The team tackled the patient education process to ensure that everyone who cared for the patients was telling them the same thing and that educational materials were written at a level patients could understand.

Working with students from the University of Connecticut School of Pharmacy, the team created a health-literate medication booklet that explains the different medications typically prescribed for heart failure and lists all the brand names and generic names in each category.

"We found that often patients are taking one beta-blocker or ACE inhibitor when they come in and are prescribed a different one in the hospital. Sometimes they don't understand and take both of them when they go home," she says. The booklet includes questions to ask their doctor, questions to ask their pharmacists, and information on how to safely dispose of unused medications.

The team obtained copies of three different heart failure educational booklets and asked the patients to indicate the one they preferred. "The patients all chose the booklet written on the third-grade level. This helped us understand how we needed to structure our education program," she says.

The hospital created its own Heart Failure Zone sheet, which describes warning signs and symptoms and what to do when each occurs. Patients are instructed to put the zone sheet on the refrigerator using a magnet that shows "red flag" symptoms to watch for and a place for their physician's phone number. They receive a weight chart and are asked to keep it by their scale.

Working with Qualidigm, the Connecticut Quality Improvement Organization (QIO), the hospital obtained special funding through Medicare to create an educational video for licensed and unlicensed staff as well as patients and families. "We also showed this video to our nurses and nursing assistants to make sure they all teach the same thing," she says. (The video is available through Qualidigm' s website: www.heartalk.org.)

Whenever possible, the nurse practitioner from the heart failure clinic visits patients in the hospital to start the education on the heart failure zones and to begin to develop a relationship that will continue in the clinic.

The team developed a process to notify the hospital staff of all patients with heart failure. Each morning, the hospital pharmacy sends Martinson a list of all patients who are receiving diuretics. She compares the diuretic list with the patient list and reviews the patient charts to determine which patients have heart failure, then sends a list of the patients and their hospital floor to about 150 staff including unit secretaries, pharmacists, the cardiology and hospital medicine service, the chief resident, social workers, case managers, dieticians, nurse managers, assistant nurse managers, and nurses in the heart failure and primary care outpatient clinics. "I also list patients who are not admitted for heart failure but have a history of it. The staff knows that these patients don't need follow-up but they do need education," she says.

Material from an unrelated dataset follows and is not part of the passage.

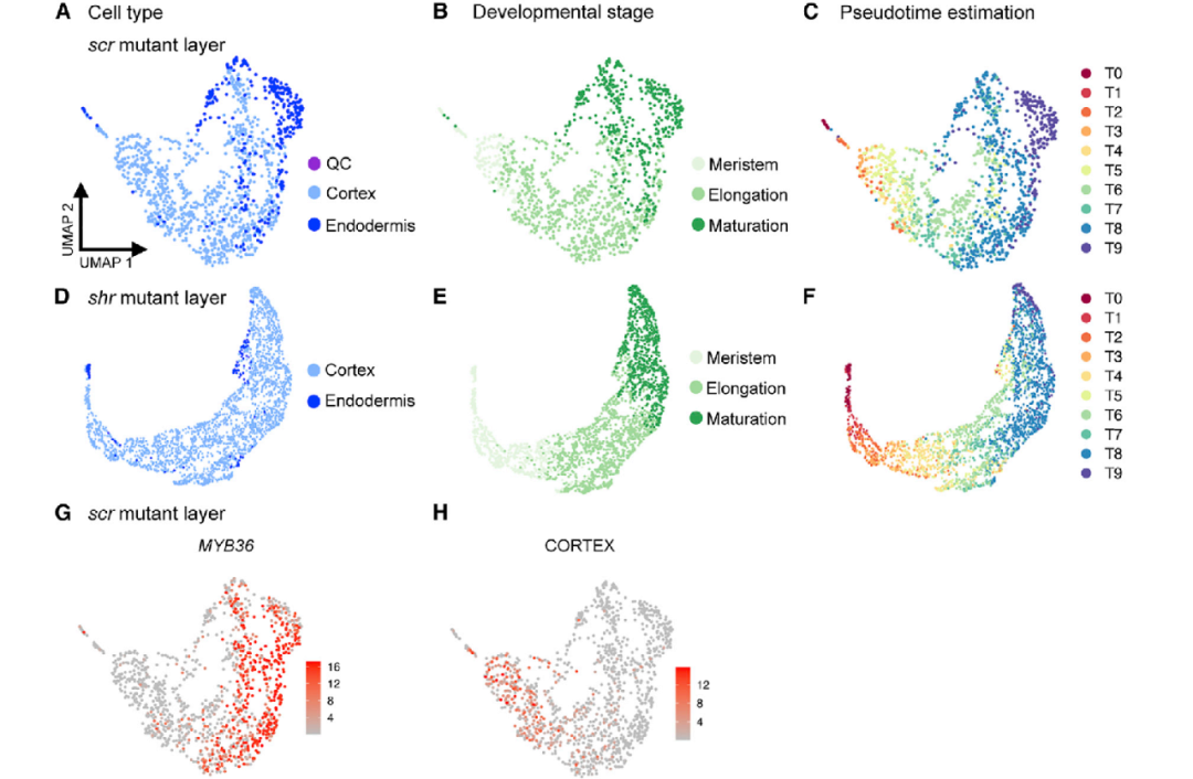 圖5 圖譜揭示了shr和scr突變體的細胞類型豐度和特性變化

When the list comes out, the unit secretaries put a blue heart next to the patient names on the unit's census board so everyone on the team will be aware. When they receive the email, the social workers know to schedule a complete assessment of discharge needs and nursing knows to start the education process.

When a patient on the heart failure list is ready for discharge, the case manager notifies everyone who receives the daily emails about the discharge date and discharge destination. This alerts everyone on the team to finish what they need to do. The unit secretary knows to make the follow-up appointment. Pharmacy is cued to address the medication regimen.